=== GIVEN ENTRIES ===

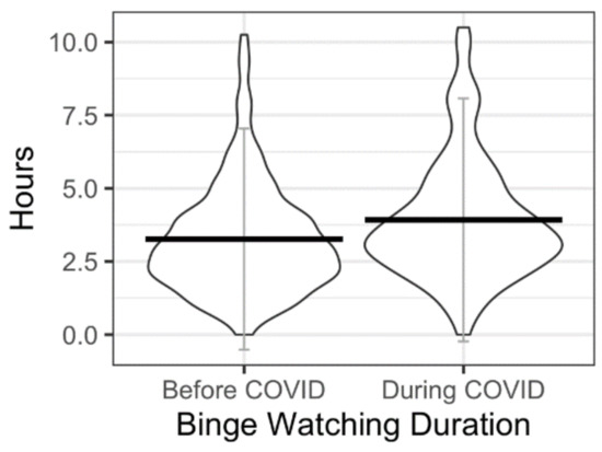 Out of the sample, n = 264 (n = 161 females) reported their approximate binge watching duration during the pandemic and n = 221 (n = 132 females) reported their approximate binge watching duration before the pandemic. Within the reduced sample reporting data both during and before the pandemic, there was a significant difference in duration before (M = 3.26 h, SD = 1.89 h) compared with during the pandemic (M = 3.92 h, SD = 2.08 h); (t(195) = −4.883, p < 0.001; Figure 1). Duration was higher in females at both time points, but the mean differences in binge watching duration between the sexes were not significant before (t(219) = −0.519, p = 0.615) or during the pandemic (t(262) = −1.281, p = 0.201).
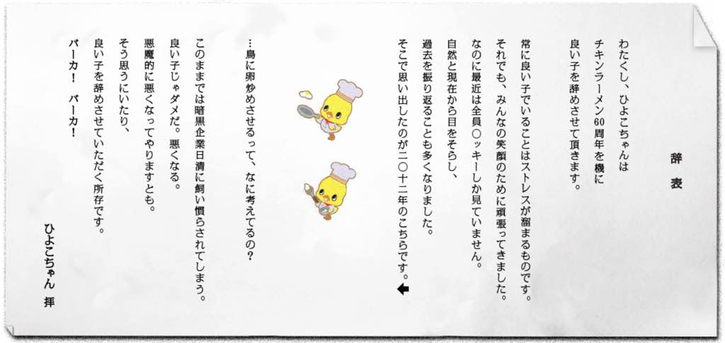 また、チキンラーメンのキャラクターとして長年愛されてきた「ひよこちゃん」が突如豹変し、大きな話題になりました。それは、チキンラーメンが今年60周年を迎えたことに理由があるそうです。(こちらのサイト参照)
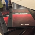 Die Speisekarte hat einen schwarz-roten Einband und im inneren befinden sich Klarsichthüllen. Der Name des Restaurant steht mit drauf und von außen sieht sie schon ein wenig abgenutzt aus.
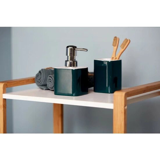 Der elegante Zahnputzbecher Elmo ist aus hochwertiger Keramik gefertigt. Das frische Grün mit weißer Kontrastfarbe ist ein echtes Highlight in jedem Badezimmer und Gäste-WC. Mit dem Zahnbecher können Sie stilvoll Ihre Zahnbürsten und Zahnpasta stets griffbereit aufbewahren. Wie wäre es mit einem Becher für jedes Familienmitglied?
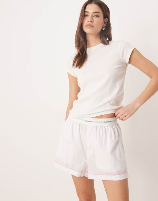 Calvin Klein – Valentines – Różowe popelinowe szorty od piżamy w paski
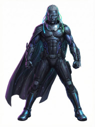 cyberpunk biomechanical humanoid tactical exosuit neon lighting heroic stance digital painting silver braided hair glowing eyes metallic implants athletic build nano-fiber cape holographic circuits magnetic boots carbon-trim texture obsidian skin tone cinematic lighting futuristic armor sci-fi character design clean composition crisp edges professional finish character design prompt google gemini nano bananaImagine Buddy

=== ASSIGNMENT ===
Retype everything in the entries exactly except the pictures.

=== EXERCISE RESULT ===
 Out of the sample, n = 264 (n = 161 females) reported their approximate binge watching duration during the pandemic and n = 221 (n = 132 females) reported their approximate binge watching duration before the pandemic. Within the reduced sample reporting data both during and before the pandemic, there was a significant difference in duration before (M = 3.26 h, SD = 1.89 h) compared with during the pandemic (M = 3.92 h, SD = 2.08 h); (t(195) = −4.883, p < 0.001; Figure 1). Duration was higher in females at both time points, but the mean differences in binge watching duration between the sexes were not significant before (t(219) = −0.519, p = 0.615) or during the pandemic (t(262) = −1.281, p = 0.201).
 また、チキンラーメンのキャラクターとして長年愛されてきた「ひよこちゃん」が突如豹変し、大きな話題になりました。それは、チキンラーメンが今年60周年を迎えたことに理由があるそうです。(こちらのサイト参照)
 Die Speisekarte hat einen schwarz-roten Einband und im inneren befinden sich Klarsichthüllen. Der Name des Restaurant steht mit drauf und von außen sieht sie schon ein wenig abgenutzt aus.
 Der elegante Zahnputzbecher Elmo ist aus hochwertiger Keramik gefertigt. Das frische Grün mit weißer Kontrastfarbe ist ein echtes Highlight in jedem Badezimmer und Gäste-WC. Mit dem Zahnbecher können Sie stilvoll Ihre Zahnbürsten und Zahnpasta stets griffbereit aufbewahren. Wie wäre es mit einem Becher für jedes Familienmitglied?
 Calvin Klein – Valentines – Różowe popelinowe szorty od piżamy w paski
 cyberpunk biomechanical humanoid tactical exosuit neon lighting heroic stance digital painting silver braided hair glowing eyes metallic implants athletic build nano-fiber cape holographic circuits magnetic boots carbon-trim texture obsidian skin tone cinematic lighting futuristic armor sci-fi character design clean composition crisp edges professional finish character design prompt google gemini nano bananaImagine Buddy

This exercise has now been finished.